Fix typos and enhance clarity in tutorial.md

Sch-Da · web-flow · commit 4a278b553a13 · 2025-10-20T13:59:44.000+02:00
Corrected typos and improved clarity in the tutorial.
diff --git a/topics/digital-humanities/tutorials/open-refine-tutorial/tutorial.md b/topics/digital-humanities/tutorials/open-refine-tutorial/tutorial.md
@@ -445,39 +445,40 @@ What can you see here? To follow along, we made all substeps of the task availab
 To answer our question of which year most elements in the museum derive from, we first cut the column of production time from the table.
 You can see this in the file `Cut on Data (Number)`.
 From this, we filter only the dates that derive from specific years, not year ranges. (See `Filter Tabular on Data (Number)`.) 
-You can click on the arrow in a cirlce button of this dataset (`Run job again`) to see what exact input was used to exclude year ranges.
+You can click on the arrow in the circle button of this dataset (`Run job again`) to see what exact input was used to exclude year ranges.

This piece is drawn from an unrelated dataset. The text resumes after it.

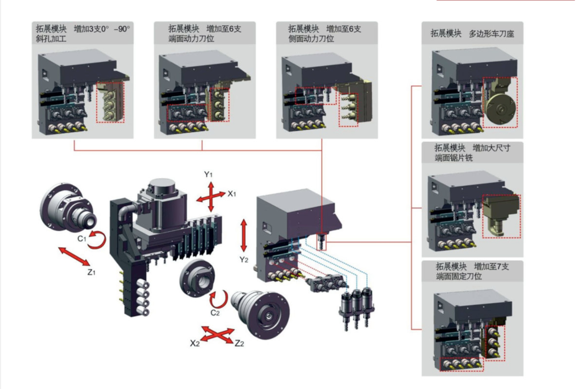 Обычный шестиосевой токарный станок стандартной конфигурации не имеет боковых вращающихся инструментов и предполагает расширение за счет сменных модулей. Сменные модули могут иметь только 1 позицию для установки с 1 поворотным инструментом, при этом они имеют высокую стоимость.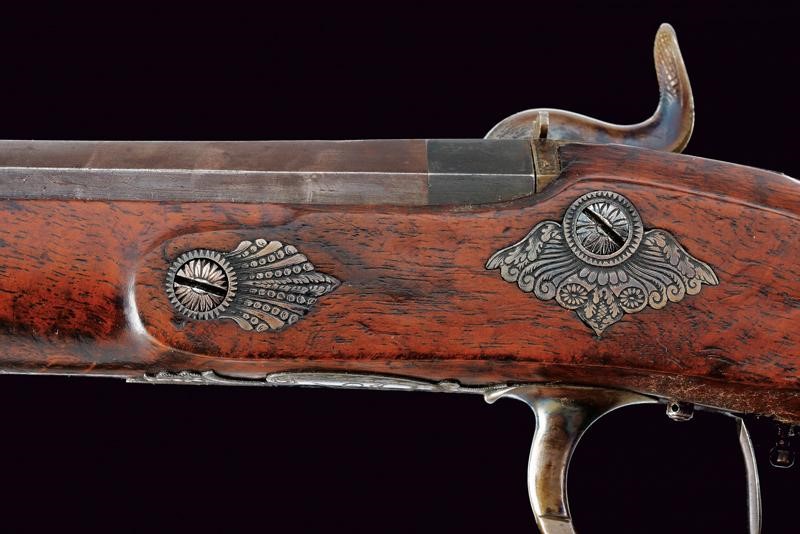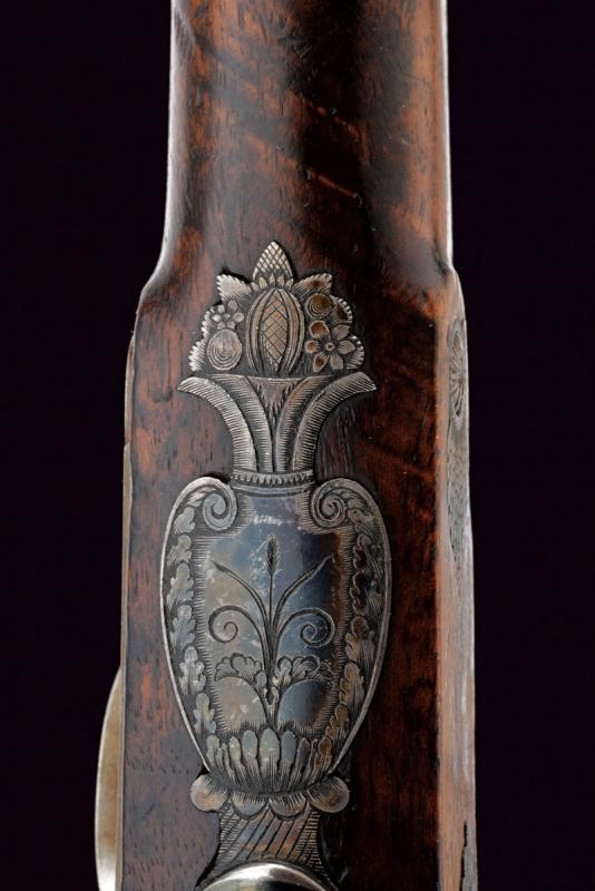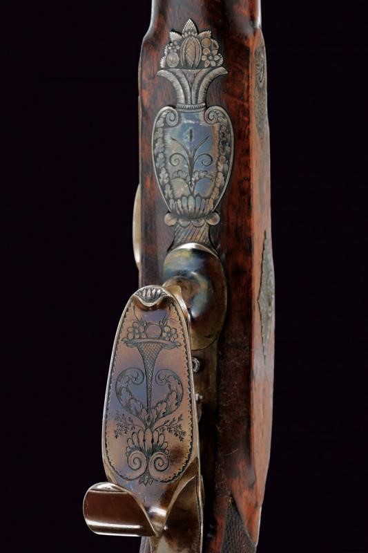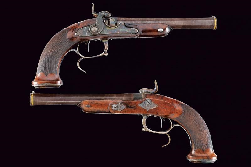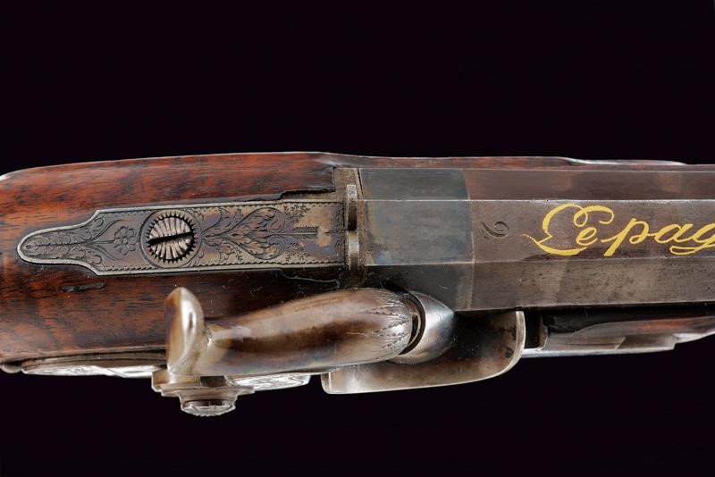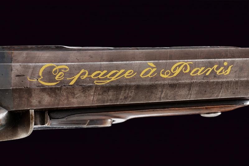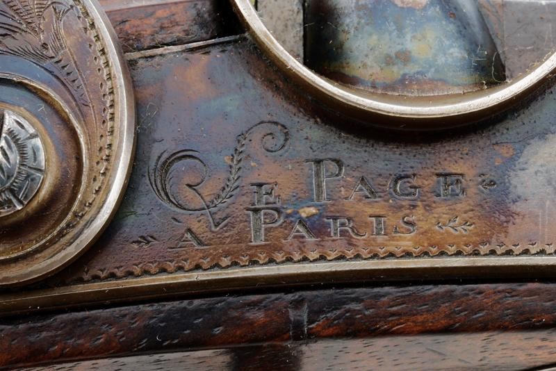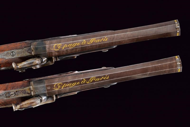 Octagonal, micro-rifled, 13 mm cal. barrels (clean bores, visible rifling), blued and with damascus design, signed "Le Page a Paris" in gold and numbered "1" and "2". Slightly bell mouthed nozzles decorated with a frame in gold and provided with a precision foresight. Finely engraved tangs with a heart, arrow and floral motifs; provided with rear sight. Forward spring locks signed "LA PAGE A PARIS / AQUEB.ER DE L'EMPEREUR"; cocks and lock plates engraved at the borders and with floral motifs. Wooden stocks with micro-checkered butts. Beautiful browned iron hilt finely engraved with cornucopias and floral motifs. Trigger guards with finger supports. Triggers with set triggers. Working mechanism. For a case, therefore without ramrod.

 Regular expressions help clean remaining inconsistencies in the dataset. (Dataset: `Column Regex Find And Replace on Data (Number)`)
-Sorting the production date in descending order, as done in dataset `Sort on data (lowest Number)`, reveals that one faulty dataset, which is supposed to have been created in 2041, is part of the table. 
+Sorting the production date in descending order, as done in the dataset `Sort on data (lowest Number)`, reveals that one faulty dataset, which is supposed to have been created in 2041, is part of the table. 
 We remove it in the next step with the tool `Remove beginning`.
 
 The tool **Datamash** allows for summarising how many elements arrived at the museum in each year.  (Dataset: `Datamash on data (Number)`.)
 After we apply this tool, the dataset is no longer 7738 lines long, but only 259. 
-This is because the amount of times, each year appeared in the table was summed up in a second column.
-Sorting in ascending order (`Sort on data (Number)`) shows a chronological dataset with the earliest enties in the beginning and the most recent entries at the end of the table.
-This, we can easily visualise in a (particularly crowded) bar chart directly within Galaxy. (`Bar chart on data (Number)`)
-But this is not the most optimal view to show us, what year most objects derive from.
+This is because the number of times each year appeared in the table was summed up in a second column.
+Sorting in ascending order (`Sort on data (Number)`) shows a chronological dataset with the earliest entries in the beginning and the most recent entries at the end of the table.
+ We can easily visualise this in a (particularly crowded) bar chart directly within Galaxy. (`Bar chart on data (Number)`)
+But this is not the most optimal view to show us which year most objects derive from.
 
 To determine from which year most objects originate, we use another sorting order (`Sort on Data (highest number)`). 
 
 > <question-title></question-title>
 >
-> 1. From what year does the museum have most objects?
+> 1. From what year does the museum have the most objects?
 >
 > > <solution-title></solution-title>
 > >
-> > 1. The dataset `Sort on data (highest number)` shows the amount of objexts by year, sorted from most to least. 288 items are noted for the year 1969 in the first row. This is the year from which the museum has most (clearly datable) objects.
+> > 1. The dataset `Sort on data (highest number)` shows the number of objects by year, sorted from most to least. 288 items are noted for the year 1969 in the first row. This is the year from which the museum has the most (clearly datable) objects.
 > >
 > {: .solution}
 {: .question}
 
 The next four steps parse this year as a conditional statement step by step. (`Select first on data (Number)`, `Cut on data (Number)`, `Parse parameter value on data (Number)` and `Compose text parameter value`.)  
 This means, even if you upload another dataset, the highest number is always selected and taken as an input for the next steps.
 
-Based on this input, which is determined by the year with the highest input, ` Search in textfiles on data (Number)` now searches for object descriptions from the 288 objects of the most prominent year.
-
-From all object descriptions from that year, we create a word cloud of the object descriptions by using the offered stop word list.
-This helps us quickly determine, what kinds of objects the museum has from this popular year.
-The dataset `Word cloud image` shows that most objects from the museum are negatives from Davis Mist, a famous Australian photographer, which he created that year and donated to the museum.
+Based on this input, which is determined by the year with the highest input, `Search in textfiles on data (Number)` searches for object descriptions from the 288 objects of the most prominent year. 
+The table is very rich in information, but not that easy to digest.
+To make the table more accessible, we create a word cloud of the object descriptions with the offered stop word list.
+If you click on the stop word list we provided, you see what "fill words" are excluded from the word cloud. In essence, only words conveying meaning remain.
+This helps us quickly determine what kinds of objects the museum has from this popular year.
+The dataset `Word cloud image` shows that most objects from the museum are negatives from Davis Mist, a famous Australian photographer, who created them that year and donated them to the museum.
 
 ![Word cloud of objects' descriptions](images/display_1969.png)